The concept of modern wine country cuisine is by definition paradoxical—a melding of contemporary urban hipness with a romanticized vision of old-world, back-to-the-land dining. It wants it both ways—a hill not easily climbed, even in a North Bay home to some of the finest restaurants in the region. But one Sonoma County destination that actually achieves that balance is The Matheson, the Healdsburg farm-to-table restaurant opened in 2021 by chef Dustin Valette, whose other hashery along the 95448, Valette Restaurant, has been earning raves from Center Street diners since 2015.

Crudo is among the colorful farm-to-table items on the starters menu.

Located in a Healdsburg Plaza building that long ago housed a bakery owned by Valette’s great-grandfather, one’s first impression of the Matheson is its striking interiors. San Francisco-based architect firm Cass Calder Smith used blonde hardwood and soft ambient lighting to realize a high-ceiling, airy space that reflect Valette’s vision to honor the artisans, winemakers and agriculture community that pioneered the epicurean community Sonoma County is today. Lining the interiors of the main dining room are large-scale art pieces depicting vineyard workers and other craftmakers, while the fruits of their labors are made real by a 30-plus-foot wine wall that stretches the east side of the building, offering 88 separate labels on tap. (We’re a fan of the wine-wall concept, which essentially allows for a self-guided tasting tour of the wine menu.)

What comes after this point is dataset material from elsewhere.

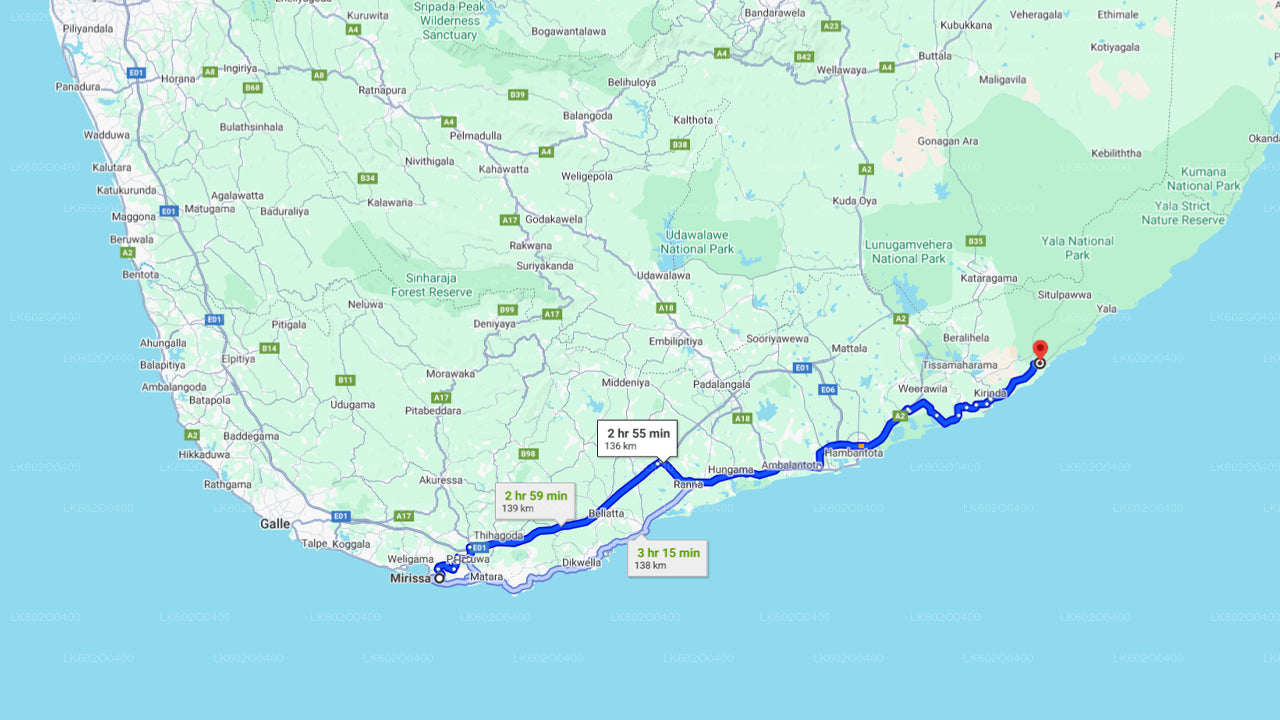 आपका दौरा मिरिस्सा से सुबह 10:30 बजे शुरू होगा। आपका चालक आपको होटल से ले जाएगा और याला तक पहुँचाएगा।

On our visit we were seated at a small table along a bench-lined wall in the main dining room. The place was busy—a Saturday evening, with few empty tables—but the noise levels were well absorbed; despite a lot of people around, and we felt nicely secluded in our little niche. We started with scallop crudo ($22), which mixed yellow peppers and blood orange atop the bivalve—a cool, citrusy choice as the summer weather heats up the evenings. A shared salad of greens ($17) followed, with gorgonzola and walnuts livening up the generous portion of peppery arugula.

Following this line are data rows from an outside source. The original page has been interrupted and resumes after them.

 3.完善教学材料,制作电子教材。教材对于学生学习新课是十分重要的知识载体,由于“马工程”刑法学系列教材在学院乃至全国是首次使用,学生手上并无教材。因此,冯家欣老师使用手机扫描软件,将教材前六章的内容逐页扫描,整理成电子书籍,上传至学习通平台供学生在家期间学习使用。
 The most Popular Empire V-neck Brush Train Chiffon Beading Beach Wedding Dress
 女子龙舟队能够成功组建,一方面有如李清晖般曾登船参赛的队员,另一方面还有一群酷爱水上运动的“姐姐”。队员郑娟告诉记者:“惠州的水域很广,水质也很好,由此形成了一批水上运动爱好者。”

Dustin Valette opened the Matheson in 2021.

Between courses it’s easy to find oneself absorbed in people watching at the Matheson; diners run the gamut between young and old, tourist and local, first-date couples to group happy-hour tipplers. The Michelin guide describes the restaurant as “no shrinking violet,” with its “soaring complex” and “uber-cool space”—the bar was standing-room only on our visit, with few shrinking violets among those queuing for the taps on the wine wall. For those who really want to see and be seen, the upper level of the building serves as Roof 106, a separate open-air restaurant and cocktail lounge overlooking the plaza, abundant with plants and fire pits and a menu of small plates, wood-fired pizzas and desserts.

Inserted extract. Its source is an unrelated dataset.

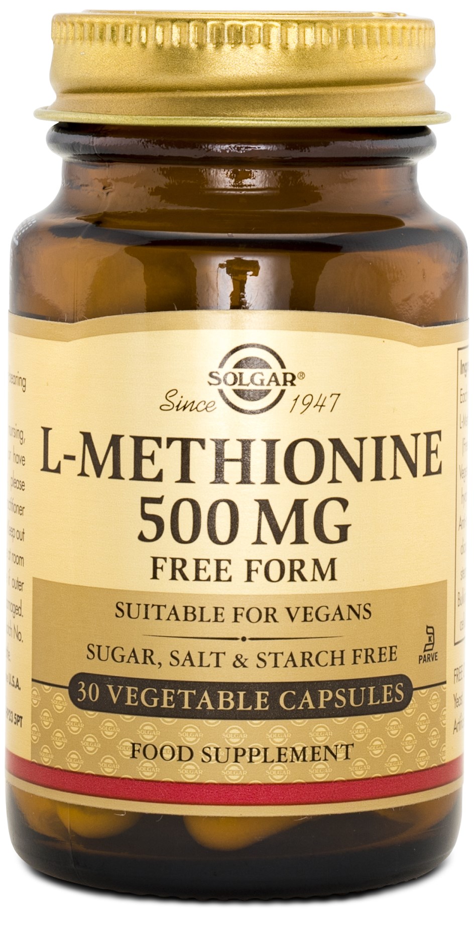 Solgar L-Methionine 500 mg innehåller aminosyran L-metionin i vegetabiliska kapslar. Aminosyror är själva byggstenarna i allt protein och behövs för flera av kroppens funktioner.

Our main courses included bone-in pork with a delightful bacon-y pancetta ($41) and steelhead served in romesco ($39). Both dishes demonstrate how Matheson livens its menu with accompaniments. The pork is served with a sweet/savory pomegranate jus and a dollop of wholegrain mustard—effectively drawing out the dense flavors of the meat. The steelhead, meanwhile, shared its plate with crunchy cuts of grilled fiddlehead—the curly ends of a fern—and soft shelling beans, adding a nice diversity of texture, and all pairing perfectly with the tomato-based sauce. We rounded out the meal with a shared sticky toffee pudding ($13) served with banana chips and the requisite scoop of vanilla ice cream.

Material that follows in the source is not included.